__Problem to work on__: Excluding all pictures, please output the listing exactly.

__Given data__:
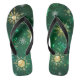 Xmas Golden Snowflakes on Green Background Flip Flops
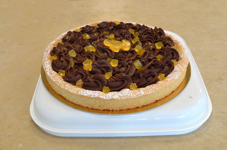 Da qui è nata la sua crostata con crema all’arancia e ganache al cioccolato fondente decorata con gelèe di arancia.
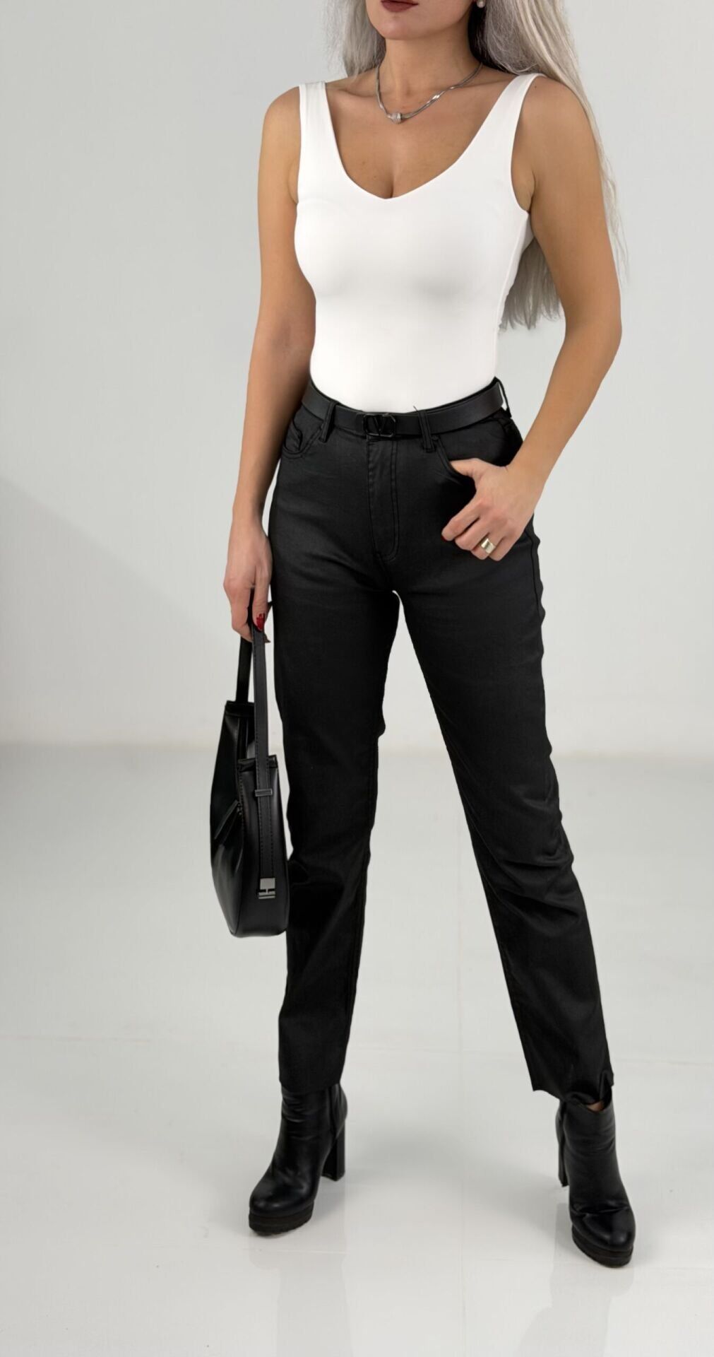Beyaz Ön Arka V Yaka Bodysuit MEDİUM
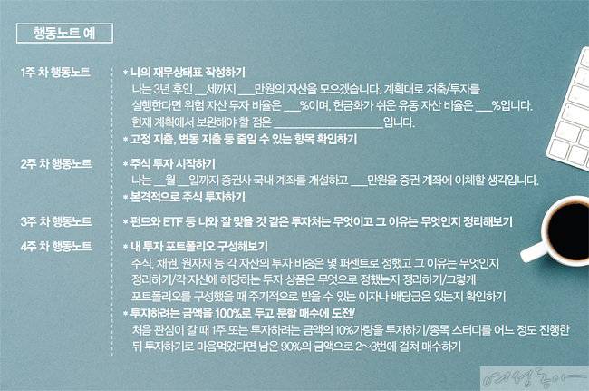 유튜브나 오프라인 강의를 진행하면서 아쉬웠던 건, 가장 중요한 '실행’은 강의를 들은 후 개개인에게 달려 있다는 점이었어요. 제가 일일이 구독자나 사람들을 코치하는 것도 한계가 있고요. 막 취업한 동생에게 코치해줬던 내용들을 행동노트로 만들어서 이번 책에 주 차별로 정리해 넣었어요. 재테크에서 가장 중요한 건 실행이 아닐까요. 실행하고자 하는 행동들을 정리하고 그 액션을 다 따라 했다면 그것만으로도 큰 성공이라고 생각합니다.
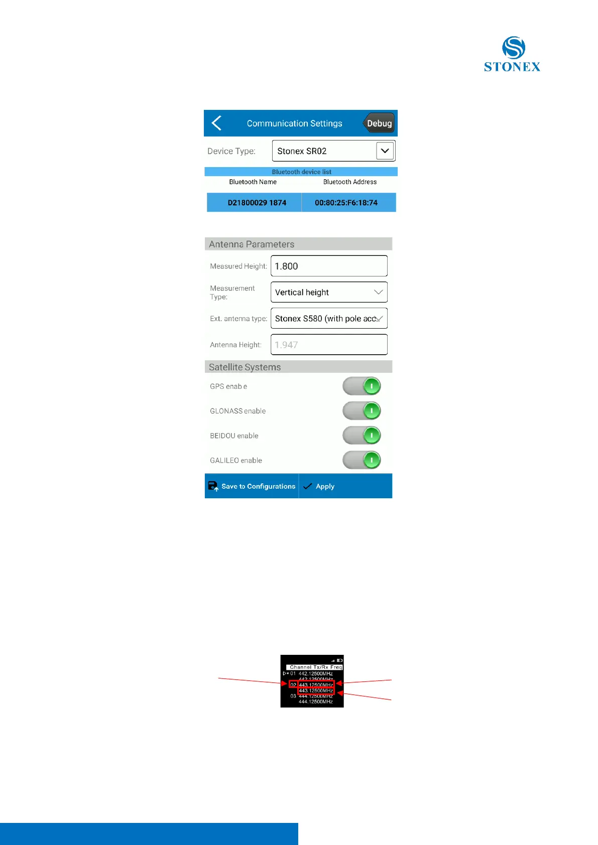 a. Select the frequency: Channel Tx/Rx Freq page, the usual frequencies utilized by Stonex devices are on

__Result of this task__:
 Xmas Golden Snowflakes on Green Background Flip Flops
 Da qui è nata la sua crostata con crema all’arancia e ganache al cioccolato fondente decorata con gelèe di arancia.
Beyaz Ön Arka V Yaka Bodysuit MEDİUM
 유튜브나 오프라인 강의를 진행하면서 아쉬웠던 건, 가장 중요한 '실행’은 강의를 들은 후 개개인에게 달려 있다는 점이었어요. 제가 일일이 구독자나 사람들을 코치하는 것도 한계가 있고요. 막 취업한 동생에게 코치해줬던 내용들을 행동노트로 만들어서 이번 책에 주 차별로 정리해 넣었어요. 재테크에서 가장 중요한 건 실행이 아닐까요. 실행하고자 하는 행동들을 정리하고 그 액션을 다 따라 했다면 그것만으로도 큰 성공이라고 생각합니다.
 a. Select the frequency: Channel Tx/Rx Freq page, the usual frequencies utilized by Stonex devices are on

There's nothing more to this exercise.